Abstract
Multi-shot sequences generated by independent AI models exhibit systematic visual discontinuities — lighting drift, chromatic inconsistency, and character feature migration — that violate the perceptual contracts audiences have developed over a century of edited media. We formalize the problem of temporal coherence across generative boundaries, propose a taxonomy of inter-shot discontinuity types, and present a constraint-propagation framework that anchors visual identity parameters across independently generated clips.
Our approach treats each shot not as an isolated generation but as a node in a connected sequence; the look established early stays consistent in later shots without manual re-matching.
Taxonomy of Inter-Shot Discontinuities
Through systematic analysis of AI-generated multi-shot sequences, we identify four categories of visual discontinuity:
- Lighting drift: Intensity, direction, and color temperature of light sources shift between shots, creating impossible lighting continuity that trained viewers immediately detect.
- Chromatic inconsistency: Color palettes and white balance migrate between shots, producing sequences where the same scene appears to have been graded by different colorists.
- Character feature migration: Facial proportions, hair color, clothing details, and body proportions shift between shots — the identity drift problem addressed by our Continuity Lock research.
- Environment instability: Background elements, set dressing, and spatial relationships change between shots of the same scene.
The Constraint-Propagation Framework
Rather than treating each generation as independent, we model the sequence as a connected sequence, so the established look carries forward across shots:
- Color histogram anchoring: The first shot establishes the color distribution; subsequent shots are constrained to match.

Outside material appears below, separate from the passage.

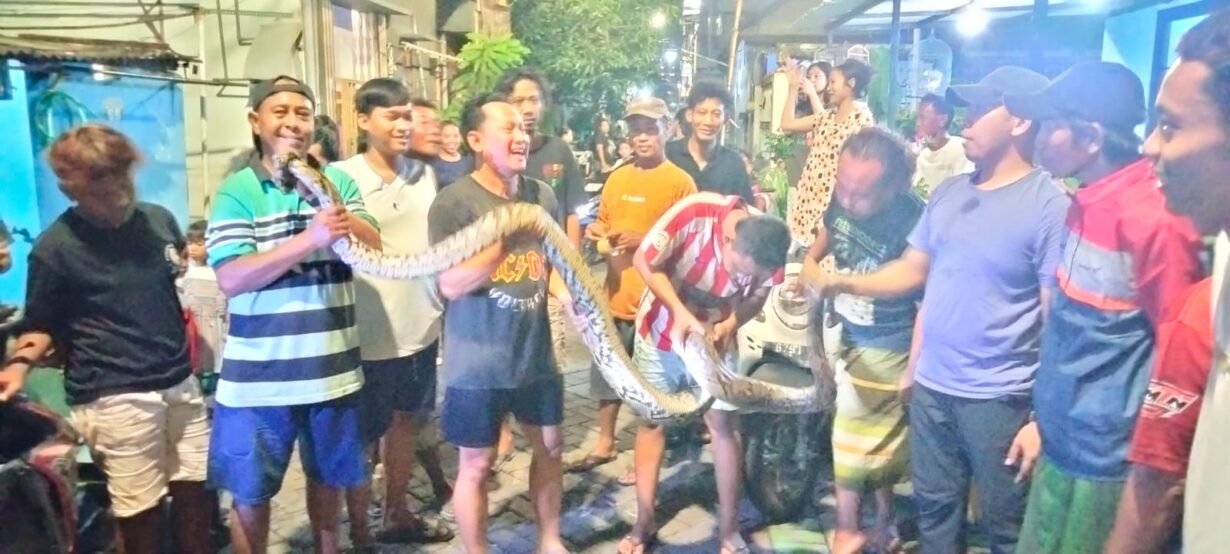 Dengan sigap dan penuh kehati-hatian, warga bersama anggota Kartar langsung bergerak cepat (gercep) menangkap ular tersebut. Setelah melalui proses yang cukup menegangkan, ular piton akhirnya berhasil diamankan. Berdasarkan perkiraan warga, panjang ular mencapai sekitar 5 meter, sementara beratnya belum dapat dipastikan.

- Lighting vector propagation: Light direction, intensity, and quality are parameterized from the establishing shot and carried forward through coverage.
- Spatial proportion locking: The relative sizes and positions of key elements are anchored to prevent impossible scale shifts between angles.
- Texture signature persistence: Surface qualities and material properties are encoded and maintained across all shots in a scene.
Implementation Through Deterministic Controls
AIM Previz implements temporal coherence through its deterministic generation architecture. When a creator establishes look parameters — camera profile, lens, lighting mood, film stock, art style — these become project-level constraints that persist across all generations. Combined with Continuity Lock for character identity, this creates a multi-layered coherence system: style coherence (look parameters), identity coherence (character lock), and environmental coherence (spatial constraints).
Conclusion
Temporal coherence across generative boundaries is not an aesthetic luxury — it is the minimum requirement for AI-generated sequences to function as professional pre-visualization. By formalizing discontinuity types and implementing constraint-propagation across the generation pipeline, we bridge the gap between independent frame generation and the coherent visual storytelling that production demands.